PERTEMUAN

7 2 0
                                    

Nurdin turun gunung di antar sama muridnya dengan mengendarai sepeda unta sampai kota kecamatan yang letaknya sudah di tanah datar. Dengan numpang cikar, semacam gerobak yang dieret sapi, Nurdin menuju Tulungagung. Untuk menuju Blitar, Nurdin melewati daerah Ngunut. Sampai Ngunut, Nurdin istirahat untuk membuka bekal makanan yang dibawakan oleh Pak Modin. Pada sebuah toko yang ditutup, Nurdin berteduh di emperannya. Saat sedang asyik melahap makanan, terlihatlah oleh Nurdin seorang perempuan di seberang jalan. Perempuan ini kelihatan capai, dan agak kebingungan. Pakaiannya yang lusuh membuat hati Nurdin tergerak untuk mendekat. Disegerakan makannya, kemudian mendekati perempuan. Menurut rasa Nurdin perempuan itu pasti sedang tak punya arah. Apalagi hari sudah menjelang sore, tak pantaslah jika ada perempuan berjalan sendirian. Masa itu masih tabu melihat perempuan berjalan sendiri, tak elok menurut adat.
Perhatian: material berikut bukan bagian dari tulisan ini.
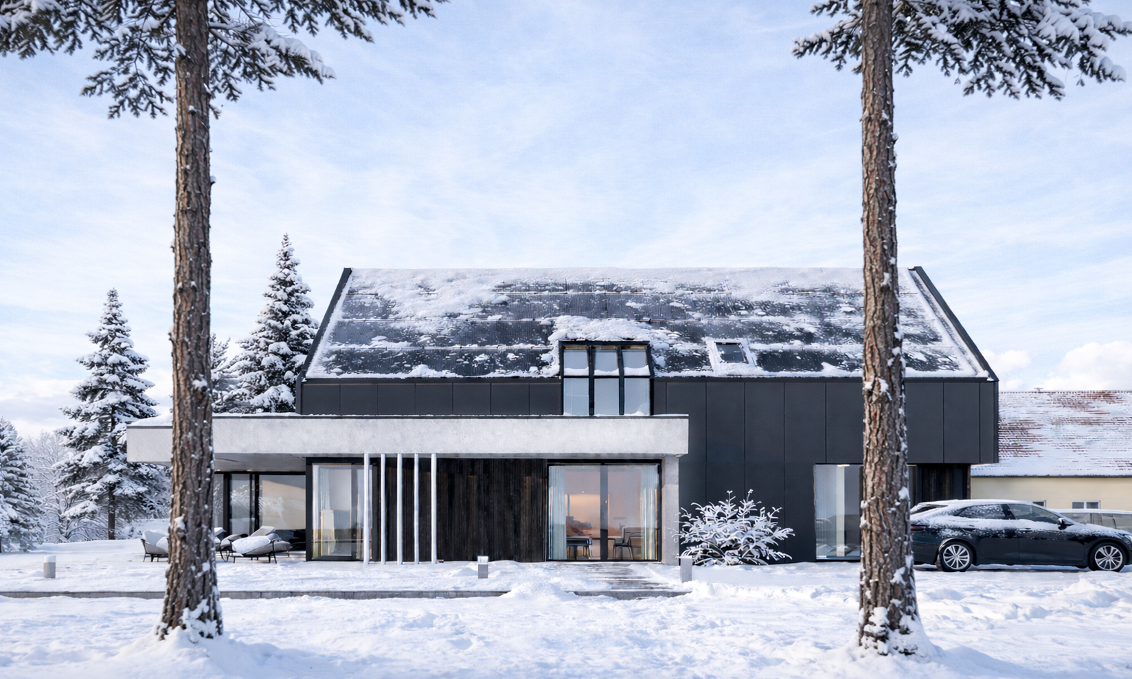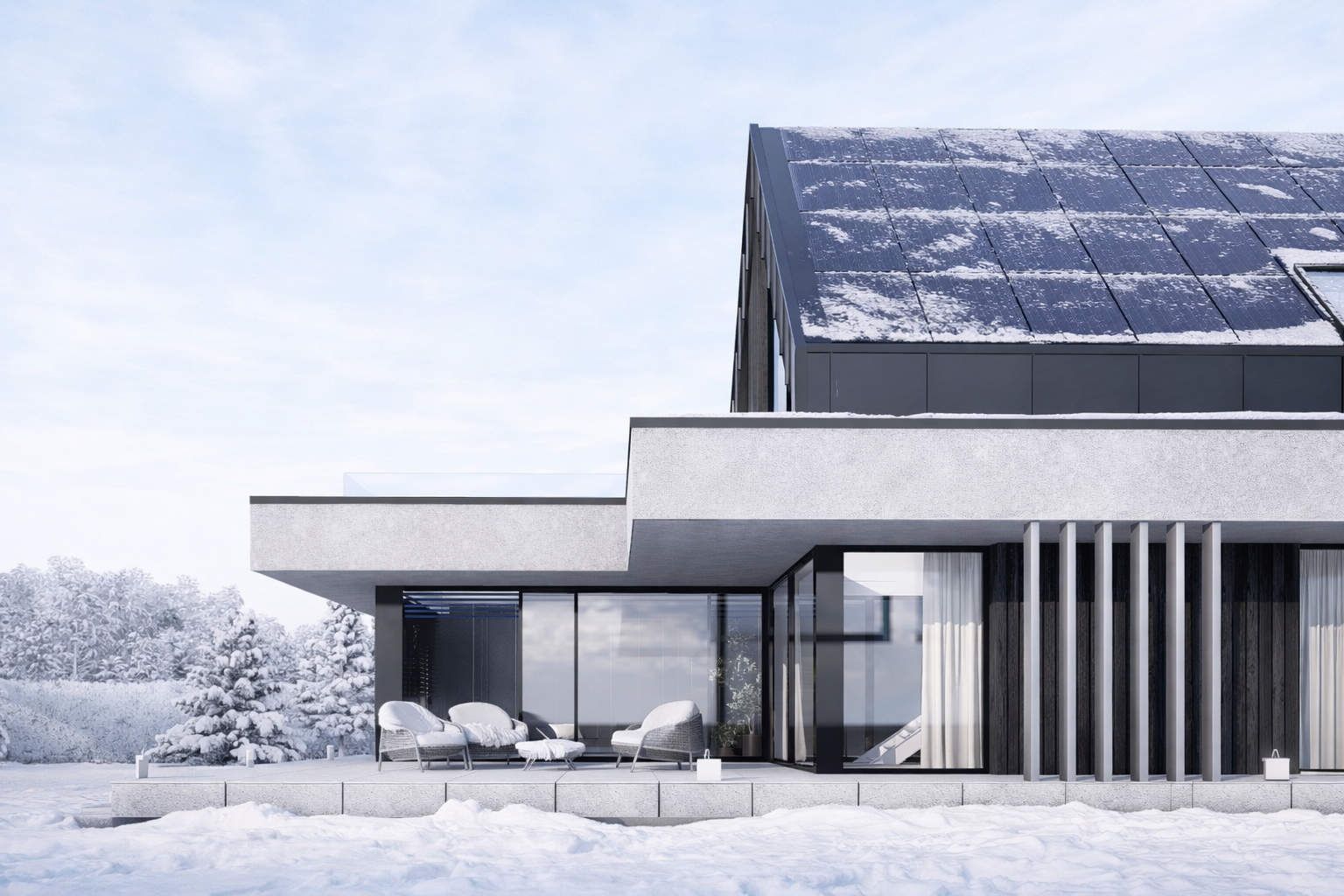 Koncepcję uzupełnia dach w zintegrowanym systemie solarnym od strony południowej, podkreślający nowoczesny i świadomy charakter projektu.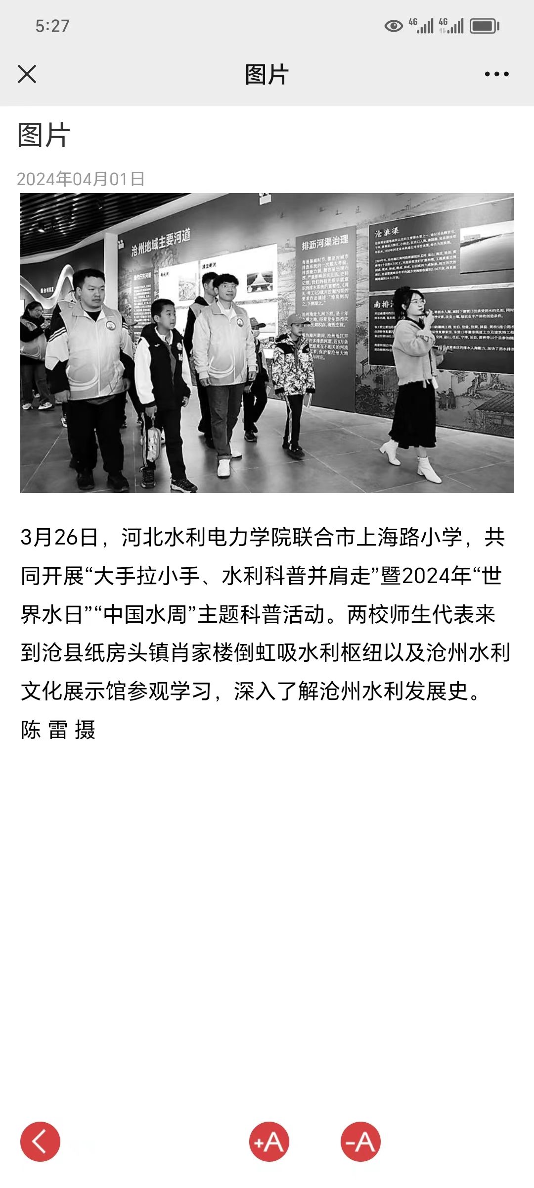 沧州日报4月1日第6版,报道了我校“大手拉小手、水利科普并肩走”暨2024年“世界水日”“中国水周”主题科普活动。

"Permisi Mbak. Boleh tahu Mbak mau ke mana?" tanya Nurdin.

Perempuan ini agak terkejut. "Saya mau pulang ke Blitar."

"Wah, satu tujuan kalau begitu."

Inilah pertemuan Nurdin dengan Surati. Pertemuan mereka ini sangat cepat menumbuhkan benih rasa cinta. Hanya dalam hitungan hari, bertemulah dua keluarga dalam perayaan perkawinan yang sederhana. Karena pernikahan itulah yang kemudian dijadikan alasan Nurdin untuk mengajukan mutasi ke Blitar. Dari pernikahan itulah kemudian terlahir empat anak dan salah satunya adalah aku, Djatmiko, S.S. , lelaki yang masih gamang menghadapi masa depan.

***

Satu minggu sudah sejak wisuda itu aku berada di rumah. Aku seperti tak punya gambaran langkah hidup selanjutnya jika berlama-lama di rumah. Kampung halamanku sepertinya sulit aku gantungkan harapan dengan gelar S.S.ku. Rutinitas di rumah membuat otakku semakin tumpul. Aku seperti terputus dari tali ilmu yang banyak kudapatkan di perguruan tinggi. Bahkan tak ada pemicu bagiku untuk menyalakan otakku dan semakin tumpul saja otakku. Inikah yang dinamakan terputusnya jembatan antar dendrit dalam otak? Benang-benang penghubung antar dendrit itu menipis akibat tak ada aliran listrik yang memicunya. Dan kalau ini didiamkan pastilah kantung-kantung memori otakku akan mengerak dan mengkristalkan ilmu yang kudapatkan. Saat-saat kritis itulah aku benar-benar merasakan ilmu dan hikmah adalah semacam makanan bagi otak dan hatiku. Dan apabila dilanjutkan akan menjadi penyakit hati yang menghilangkan rasaku.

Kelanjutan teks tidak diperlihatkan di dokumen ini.